Episode #16 : The Chase


"We're trying to defeat the Daleks, not start a jumble sale!"
 
Episode 16:   The Chase.
Companions: The 1st Doctor, Vicki, Ian Chesterton and Barbara Wright.
Air Date:        Six episodes. 22nd May to 26th June 1965.
 
The travellers learn from the Time-Space Visualiser taken from the Moroks' museum that Daleks equipped with their own time machine are on their trail with orders to exterminate them. They flee in the TARDIS.

The Chase starts off immediately after the events of the prior episode with the characters learning that the Daleks are chasing them down for extermination. Fleeing through time and space they land in one location after another and so on. This seems a little facical but it actually works in an odd kind of way.

No explanation is giving as to why the Daleks are doing this as chronologically all the companions have done thus far is thwart a handful of Daleks on Skaro and stop their conquest of Earth. Even for Daleks it seems a little extreme at this point in the Doctor's experiences with them.

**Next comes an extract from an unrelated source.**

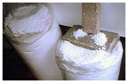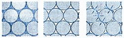 Todos los espacios entre las perlitas están ocupados por la matriz de mortero de cemento. Relleno incompleto de los intersticios. Buena resistencia por el efecto de arco de la matriz..

The first landing point for the companions is the desert planet of Aridius. Once an ocean world the presence of two suns has evaporated the planet into a sandy desert. The natives having moved underground. This sequence plays out nicely expecially the interaction between the natives and the Daleks.

The second stop off point is atop the Empire State Building in New York 1966. This is a very silly segment that plays more for fun than anything else. The Daleks just end up wandering around asking the tourists where the time travellers are. Peter Purves who would join the TARDIS crew at the end of this story in the role of Steven Taylor plays a rather clueless American tourist character in this scene.

Thirdly, the time travellers land on the deck of the Mary Celeste and shows us that it was the sudden presence of Daleks on board that caused everyone to leap over the side. One historical mystery solved by Doctor Who. This is another scene that just plays out as a tad silly.

Then both groups land in a bizarre haunted house, home to Frankenstein's Monster, a ghost, and Count Dracula. Neither side realise that they have arrived in a fun fair haunted house in 1996. Once again, a very odd section of the story.

Finally they land on the jungle world of Mechanus and are rescued by the strange Mechanoids who go on to fight the Daleks. The companions defeat the Daleks. Ian and Barbara convince the Doctor to let them use the Dalek time machine to return home and after some argument, he agrees but they end up home two years after they first left. Meanwhile, Steven has snuck on board the TARDIS.

It is a real shame that we lose Ian and Barbara here as I have found them both to be excellent companions who grew on me quickly. With the departure of Susan a while back we now only have the Doctor as an original character.

This story is entertaining despite the silliness throughout, but could have been so much better.